(Beginning of The data)

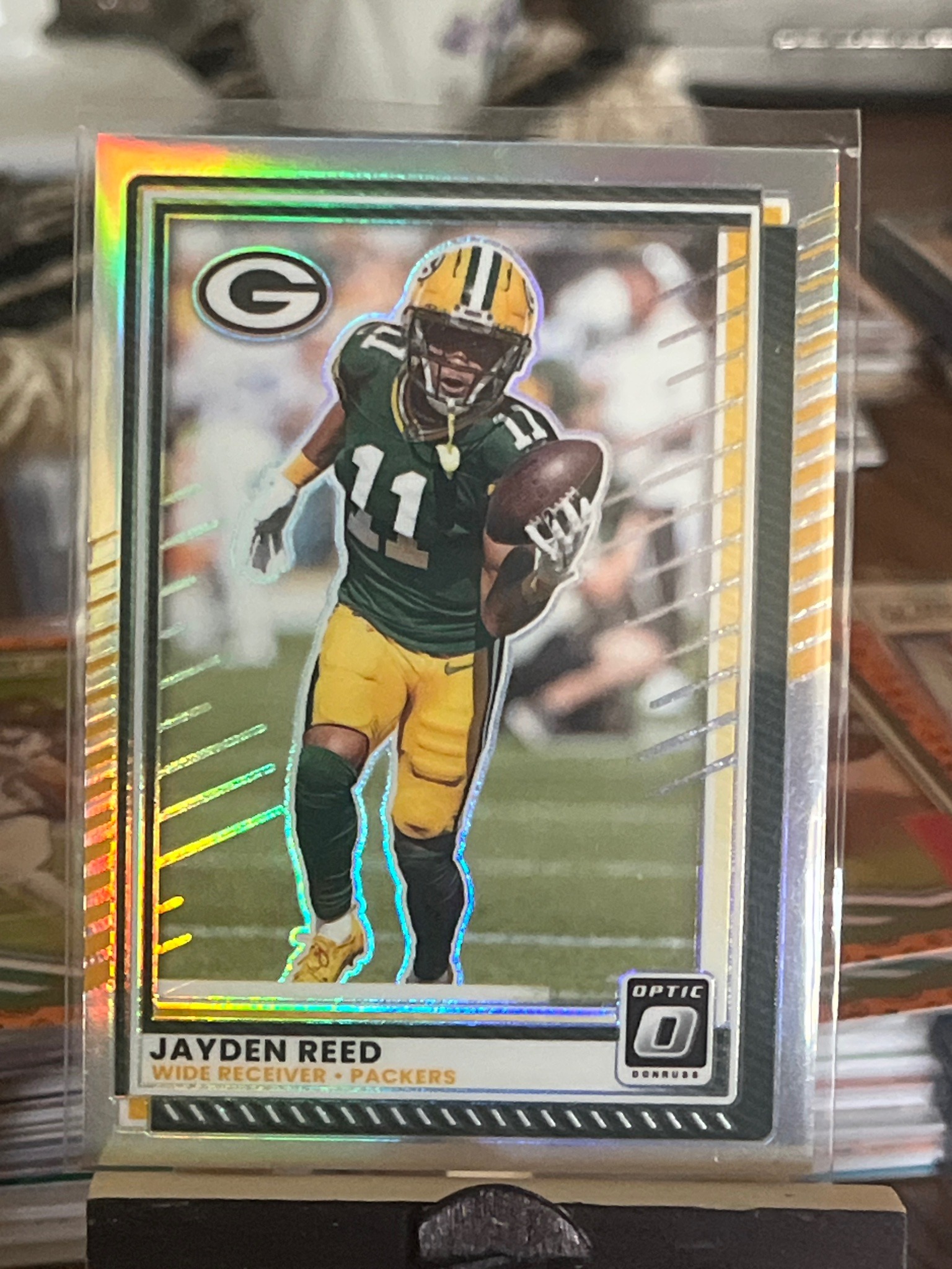 This is a 2023 Panini Donruss Optic trading card featuring Green Bay Packers wide receiver Jayden Reed. The card is a 'Silver Holo' Prizm parallel, characterized by its high-gloss, reflective chromium finish that produces a rainbow-like spectrum effect when caught by light. The front of the card features a centered action shot of Jayden Reed in full uniform (jersey number 11) running with the football. In the top-left corner, the iconic green and gold 'G' Packers logo is visible. The bottom section contains the player's name, 'JAYDEN REED', and his position/team, 'WIDE RECEIVER • PACKERS'. The Donruss 'Optic' brand logo is located at the bottom right. The card is housed within a protective clear plastic penny sleeve and top-loader, suggesting it is well-maintained and kept in a collector-grade condition. The centering appears well-balanced from left to right, and the corners, visible through the sleeve, appear sharp. This modern sports card is manufactured by Panini America and represents Reed's rookie year, making it a desirable item for sports memorabilia collectors and fans of the franchise.
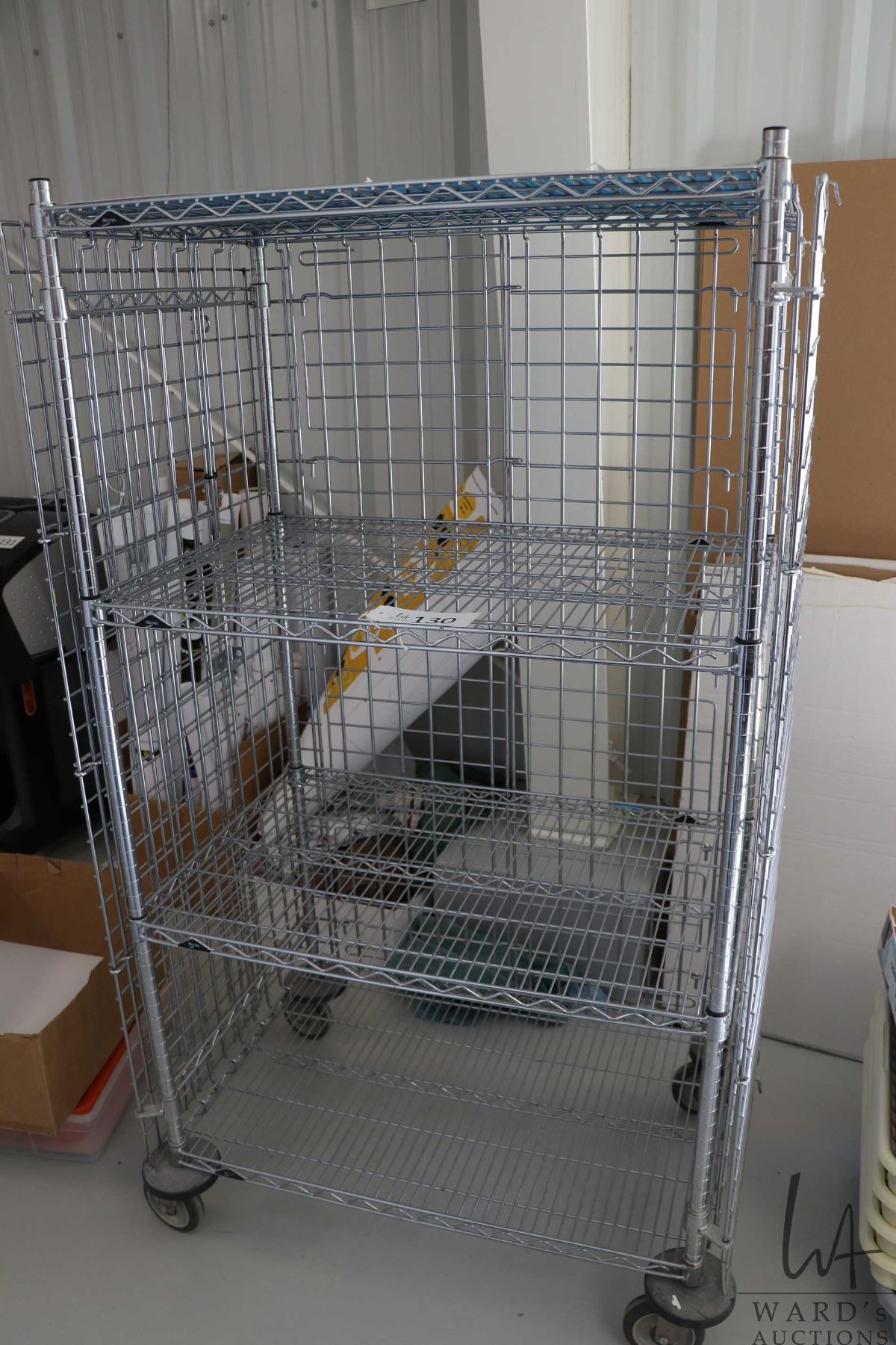 Lot 130 Heavy duty two door, lockable cabinet on castors, two shelves, 68"h x 38"w x 25"d.
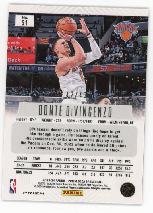 2023/24 Panini Prizm Deca Donte DiVincenzo #51 - Orange #/49 Knicks
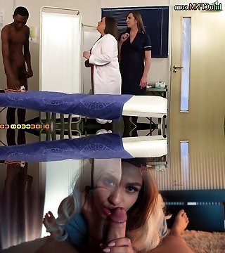 CFNM IR nurses in uniform and heels deep-throat black beefstick in 3way

(End of The data)

> _Task goal_: Could you retype exactly, and only, the lines running from the one with "2023/24 Panini Prizm" to the last line of the listing, while leaving any pictures out?

> _Result of this task_:
 2023/24 Panini Prizm Deca Donte DiVincenzo #51 - Orange #/49 Knicks
 CFNM IR nurses in uniform and heels deep-throat black beefstick in 3way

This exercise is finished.